■ What is required:
Make an exact copy of every entry, leaving the pictures out.

■ Supplied data:
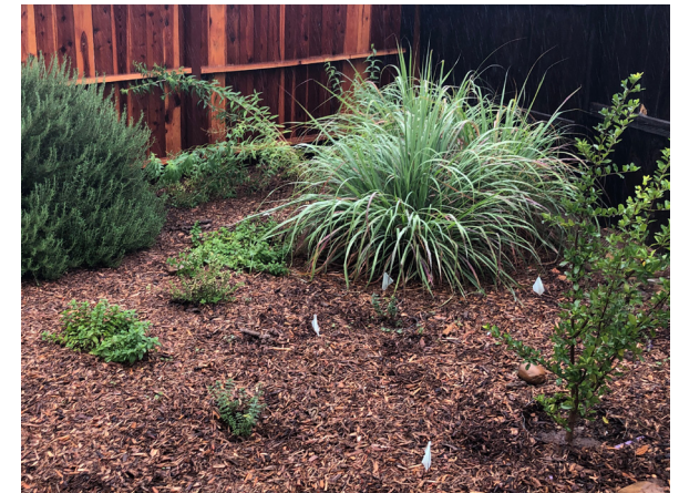
Landscape site grown in with layer #4 (wood chip mulch) atop all layers
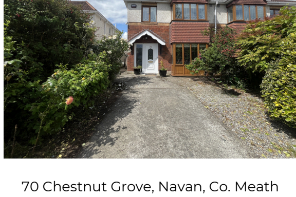
70 Chestnut Grove, Navan, Co. Meath
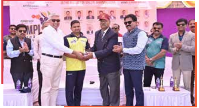
CREDAI-Maharashtra Premier League Cricket Tournament - Regional Round
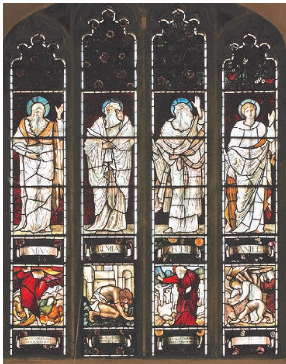
Stained glass in Jesus College chapel, Cambridge, designed by Edward Burne-Jones and made by William Morris. This depicts the Old Testament prophets Isaiah, Jeremiah, Ezekiel and Daniel.

That is what we find in the Latter Prophets also. Isaiah is sent to a people whose spiritual senses are dull (Isaiah 6:9-10). The book which bears his name was, in fact, written in Hebrew over several centuries, beginning in the mid-eighth century BCE. Its words were not just for Isaiah's own generation, but had to wait for future generations to bear fruit. The book begins by referring to a "vision" which Isaiah "saw," or, possibly, to "the vision of Isaiah, who prophesied" (the Hebrew is ambiguous). I tend to prefer the former—Isaiah saw a vision which came to him, that was not of his own making, the significance of which would take centuries to unfold.

■ Exercise result:
Landscape site grown in with layer #4 (wood chip mulch) atop all layers
70 Chestnut Grove, Navan, Co. Meath
CREDAI-Maharashtra Premier League Cricket Tournament - Regional Round
Stained glass in Jesus College chapel, Cambridge, designed by Edward Burne-Jones and made by William Morris. This depicts the Old Testament prophets Isaiah, Jeremiah, Ezekiel and Daniel.

That is what we find in the Latter Prophets also. Isaiah is sent to a people whose spiritual senses are dull (Isaiah 6:9-10). The book which bears his name was, in fact, written in Hebrew over several centuries, beginning in the mid-eighth century BCE. Its words were not just for Isaiah's own generation, but had to wait for future generations to bear fruit. The book begins by referring to a "vision" which Isaiah "saw," or, possibly, to "the vision of Isaiah, who prophesied" (the Hebrew is ambiguous). I tend to prefer the former—Isaiah saw a vision which came to him, that was not of his own making, the significance of which would take centuries to unfold.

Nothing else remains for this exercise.